*** Opening INFORMATION GIVEN ***

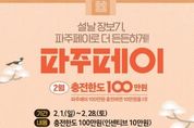 안녕일보 배윤 기자 | 파주시는 다가오는 설 명절을 맞아 추가 충전금 혜택을 받을 수 있는 충전 한도를 기존 70만 원에서 100만 원으로 상향한다. 2월 한 달간 100만 원을 충전할 경우, 연중 상시 지급되는 10% 인센티브가 적용돼 추가 충전금 10만 원이 더해진 총 110만 원을 사용할 수 있다. 이를 통해 명절을 앞두고 소비 지출이 늘어나는 시민의 경제적 부담을 덜고, 지속적인 경기 침체로 어려움을 겪고 있는 관내 소상공인의 매출이 증대될 것으로 기대된다. 파주시 관계자는 “이번 파주페이 확대 발행이 설 명절 장바구니 물가 부담을 완화하고, 지역 골목상권에 활력을 불어넣는 마중물이 되길 바란다”라며, “시민 여러분의 많은 관심과 이용을 부탁드린다”라고 전했다. 한편, 파주페이는 ‘경기지역화폐’앱 및 관내 농협을 통해 충전이 가능하며, 현재 음식점, 학원, 전통시장 등 1만 6천여 개의 가맹점에서 사용할 수 있다. 파주시는 시민 편의 증진과 지역경제 활성화를 위해 지난해 가맹점 연매출 제한 기준을 12억 원에서 30억 원으로 대폭 완화해 사용처를 확대한 바 있으며, 어려운 재정 여건 속에서도 상시 10%
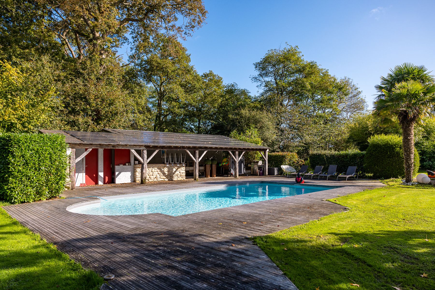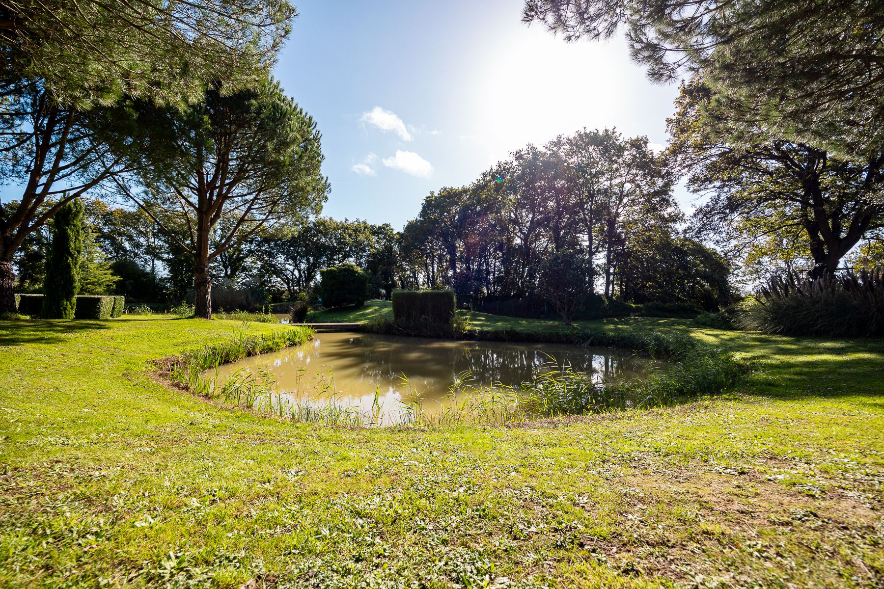 Sur la presqu’île guérandaise, proche plages et commodités, manoir datant de 1584, entièrement rénové en 2004. Propriété principale d'environ 280m², dépendances, ancienne chapelle, piscine chauffée, pool-house, jardins à la française, étangs, practice de golf au coeur d'un parc de 10 hectares. Maison de maître : grand hall d’entrée, vaste séjour avec magnifique cheminée en granit, bureau-salon de télévision, salle à manger donnant sur le jardin à la française, grande cuisine aménagée et équipée.
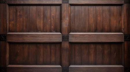 Architectural detail of rich, deeply stained wooden paneling featuring vertical boards and cross beam elements, emphasizing the natural wood grain and high contrast lighting.
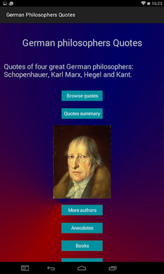 Quotes of four great German philosophers: Georg Wilhelm Friedrich Hegel, Arthur Schopenhauer, Karl Marx, Immanuel Kant
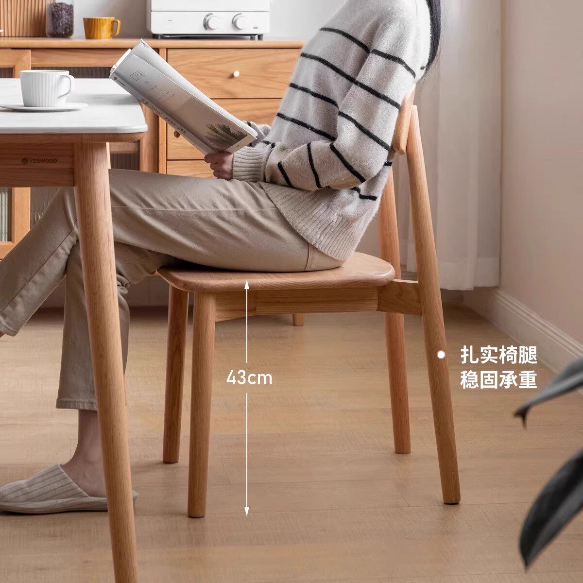 北欧实木餐椅家用现代简约靠背椅子餐厅酒店高级感原木软包餐桌椅
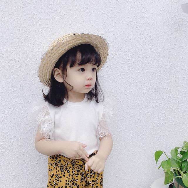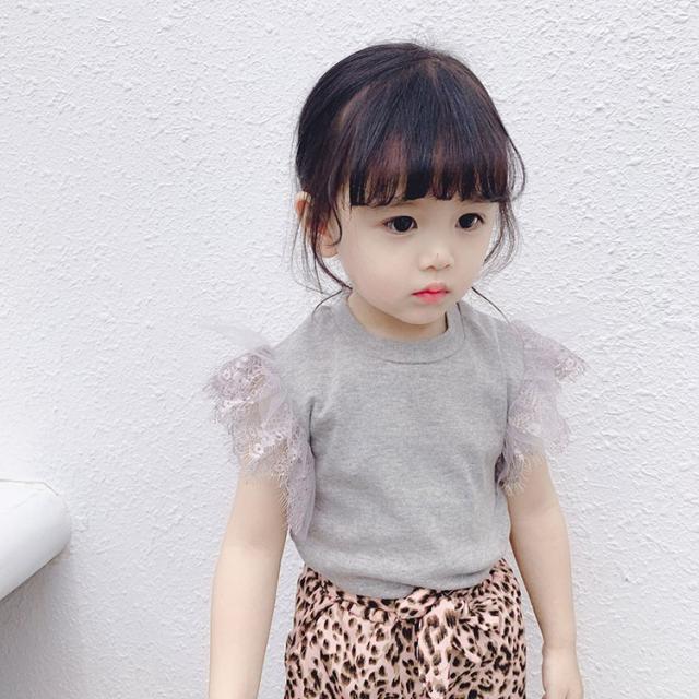 Tシャツ シャツ 子供 女児 女の子 トップス 半袖 ノースリーブ 韓国子供服 カジュアル キッズ 女の子 タンクトップ 肩フリル ボーダー リボン セーラー 春 夏

*** Closing INFORMATION GIVEN ***

### THE PROBLEM
Give again the lines from the line that contains "Architectural detail of" through the last line of the material above, exactly and with both ends included. Omit the pictures.

### RESPONSE TO THE TASK
 Architectural detail of rich, deeply stained wooden paneling featuring vertical boards and cross beam elements, emphasizing the natural wood grain and high contrast lighting.
 Quotes of four great German philosophers: Georg Wilhelm Friedrich Hegel, Arthur Schopenhauer, Karl Marx, Immanuel Kant
 北欧实木餐椅家用现代简约靠背椅子餐厅酒店高级感原木软包餐桌椅
 Tシャツ シャツ 子供 女児 女の子 トップス 半袖 ノースリーブ 韓国子供服 カジュアル キッズ 女の子 タンクトップ 肩フリル ボーダー リボン セーラー 春 夏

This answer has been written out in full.